### Iteration in DF / RDD
Spark is distributed data processing, so it is suggested to use spark buitin transformation and actions. Instead of iterating through the rows.

#### Methods for looping
In below are used for complex 'transformations' and they return the same number of rows but number of columns could be different. They wont bring data to driver. used on RDD
1. map()
2. mapPartitions() 

Below  used to iterate the rows same like above but they perform 'action' and return nothing. Used on DF.

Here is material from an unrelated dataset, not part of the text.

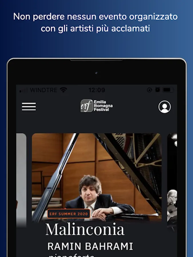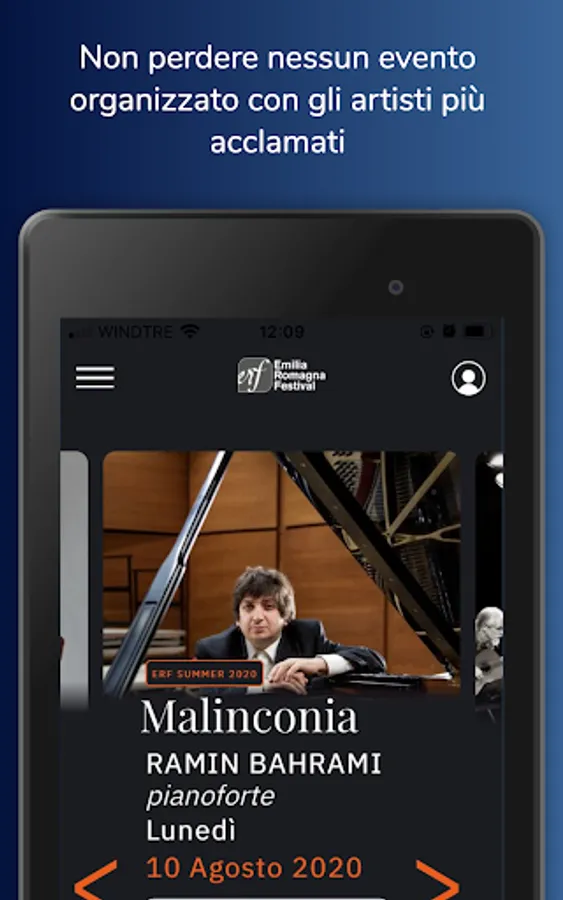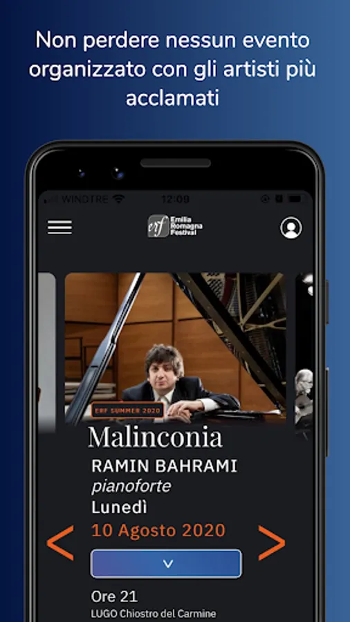 Consult and book events in an easy and intuitive way. During the show discover the detailed program and the curricula of the artists. Stay up to date on the exclusive events of Emilia Romagna Festival by participating in the ERF community

1. foreach() - eg: used for storing the data into db by rows
2. foreachPartitions() - eg: used to store data in db in batches

Below methods works on the DF. Bring data to driver. They are action
1. collect() bring all partitions data to the driver
2. toLocalIterator() bring each partition data to driver and process them

In [1]:
from pyspark.sql import SparkSession

spark = SparkSession.builder.appName("learning").getOrCreate()

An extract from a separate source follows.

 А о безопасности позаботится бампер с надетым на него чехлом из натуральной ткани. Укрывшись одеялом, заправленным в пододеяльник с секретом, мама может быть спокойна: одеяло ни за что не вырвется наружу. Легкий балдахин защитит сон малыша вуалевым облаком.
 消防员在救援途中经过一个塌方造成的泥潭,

24/11/11 17:30:51 WARN Utils: Your hostname, padmanabhan-VirtualBox resolves to a loopback address: 127.0.1.1; using 10.0.2.15 instead (on interface enp0s3)
24/11/11 17:30:51 WARN Utils: Set SPARK_LOCAL_IP if you need to bind to another address
Setting default log level to "WARN".
To adjust logging level use sc.setLogLevel(newLevel). For SparkR, use setLogLevel(newLevel).
24/11/11 17:30:53 WARN NativeCodeLoader: Unable to load native-hadoop library for your platform... using builtin-java classes where applicable


----------------------------------------
Exception occurred during processing of request from ('127.0.0.1', 45384)
Traceback (most recent call last):
  File "/usr/lib/python3.12/socketserver.py", line 318, in _handle_request_noblock
    self.process_request(request, client_address)
  File "/usr/lib/python3.12/socketserver.py", line 349, in process_request
    self.finish_request(request, client_address)
  File "/usr/lib/python3.12/socketserver.py", line 362, in finish_request
    self.RequestHandlerClass(request, client_address, self)
  File "/usr/lib/python3.12/socketserver.py", line 761, in __init__
    self.handle()
  File "/home/padmanabhan/Desktop/development/data-engineering/BigdataEnv/lib/python3.12/site-packages/pyspark/accumulators.py", line 295, in handle
    poll(accum_updates)
  File "/home/padmanabhan/Desktop/development/data-engineering/BigdataEnv/lib/python3.12/site-packages/pyspark/accumulators.py", line 267, in poll
    if self.rfile in r and func():
                  

In [2]:
spark.getActiveSession()

In [3]:
# creating df
from pyspark.sql.types import StructType,StructField,StringType,IntegerType
data = [(("padmanabhan","s"),"chennai",1000),
        (("karthik","k"),"trichy",5000)
        ]
schema = StructType([StructField("name",StructType([
                                 StructField("firstName",StringType(),False),
                                 StructField("lastName",StringType(),False),])),
                     StructField("location",StringType(),True),
                     StructField("salary",IntegerType(),True)])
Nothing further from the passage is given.